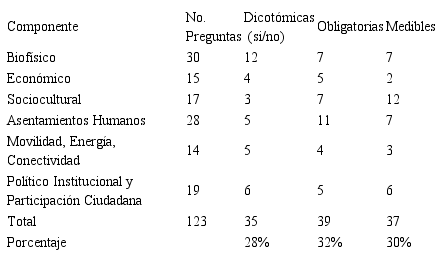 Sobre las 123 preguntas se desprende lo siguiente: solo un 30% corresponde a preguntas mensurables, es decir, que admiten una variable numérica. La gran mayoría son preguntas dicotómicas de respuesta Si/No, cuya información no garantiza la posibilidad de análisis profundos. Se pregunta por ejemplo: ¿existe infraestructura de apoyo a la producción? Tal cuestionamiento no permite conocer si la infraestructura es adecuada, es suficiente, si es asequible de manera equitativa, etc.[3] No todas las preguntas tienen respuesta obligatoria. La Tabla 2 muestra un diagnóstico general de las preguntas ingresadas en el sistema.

----------------------------------------

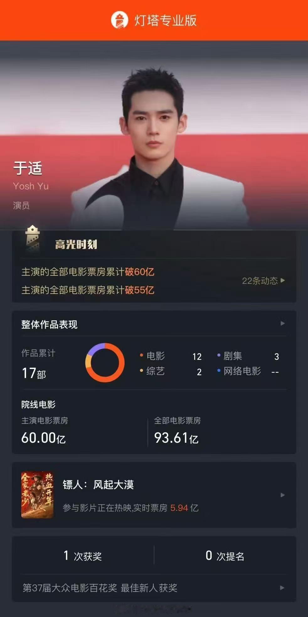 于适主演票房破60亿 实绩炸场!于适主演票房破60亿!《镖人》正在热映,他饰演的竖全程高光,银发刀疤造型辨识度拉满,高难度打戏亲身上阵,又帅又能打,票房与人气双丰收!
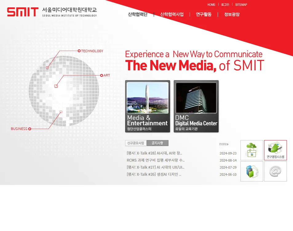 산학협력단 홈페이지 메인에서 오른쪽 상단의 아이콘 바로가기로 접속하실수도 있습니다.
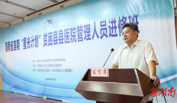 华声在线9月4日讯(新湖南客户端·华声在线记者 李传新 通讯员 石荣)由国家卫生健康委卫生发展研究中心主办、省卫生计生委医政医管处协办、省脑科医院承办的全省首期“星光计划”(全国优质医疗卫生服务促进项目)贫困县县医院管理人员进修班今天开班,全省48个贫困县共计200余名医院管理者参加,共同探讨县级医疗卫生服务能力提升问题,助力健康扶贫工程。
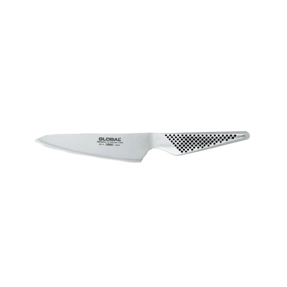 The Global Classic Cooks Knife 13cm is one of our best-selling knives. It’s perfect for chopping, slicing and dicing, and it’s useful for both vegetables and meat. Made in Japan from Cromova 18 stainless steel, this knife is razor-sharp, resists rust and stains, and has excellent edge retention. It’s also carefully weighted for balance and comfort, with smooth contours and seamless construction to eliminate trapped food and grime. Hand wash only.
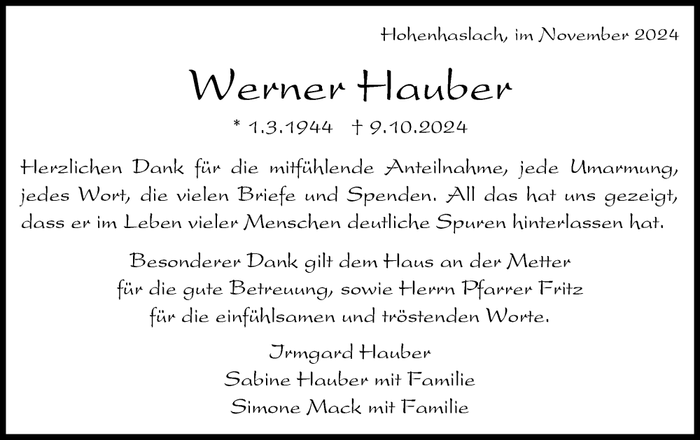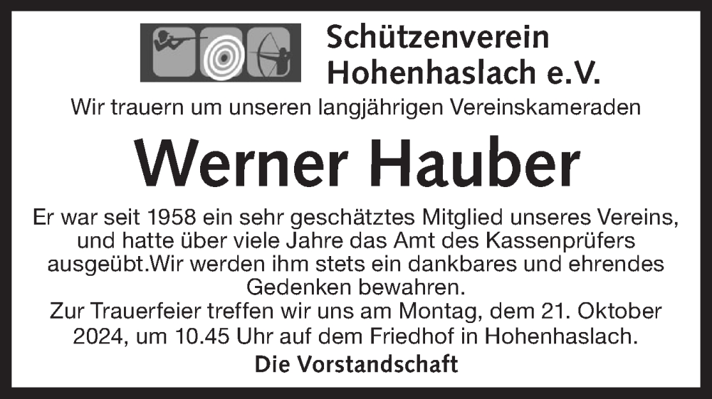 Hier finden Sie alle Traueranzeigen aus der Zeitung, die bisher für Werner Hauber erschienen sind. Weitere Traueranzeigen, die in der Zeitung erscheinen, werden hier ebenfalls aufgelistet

----------------------------------------

WORK TO BE COMPLETED. Copy exactly, without pictures, the lines above from the one with "华声在线9月4日讯(新湖南客户端·华声在线记者 李传新 通讯员" down to the one with "Hier finden Sie", inclusive.

FINAL ANSWER.
 华声在线9月4日讯(新湖南客户端·华声在线记者 李传新 通讯员 石荣)由国家卫生健康委卫生发展研究中心主办、省卫生计生委医政医管处协办、省脑科医院承办的全省首期“星光计划”(全国优质医疗卫生服务促进项目)贫困县县医院管理人员进修班今天开班,全省48个贫困县共计200余名医院管理者参加,共同探讨县级医疗卫生服务能力提升问题,助力健康扶贫工程。
 The Global Classic Cooks Knife 13cm is one of our best-selling knives. It’s perfect for chopping, slicing and dicing, and it’s useful for both vegetables and meat. Made in Japan from Cromova 18 stainless steel, this knife is razor-sharp, resists rust and stains, and has excellent edge retention. It’s also carefully weighted for balance and comfort, with smooth contours and seamless construction to eliminate trapped food and grime. Hand wash only.
 Hier finden Sie alle Traueranzeigen aus der Zeitung, die bisher für Werner Hauber erschienen sind. Weitere Traueranzeigen, die in der Zeitung erscheinen, werden hier ebenfalls aufgelistet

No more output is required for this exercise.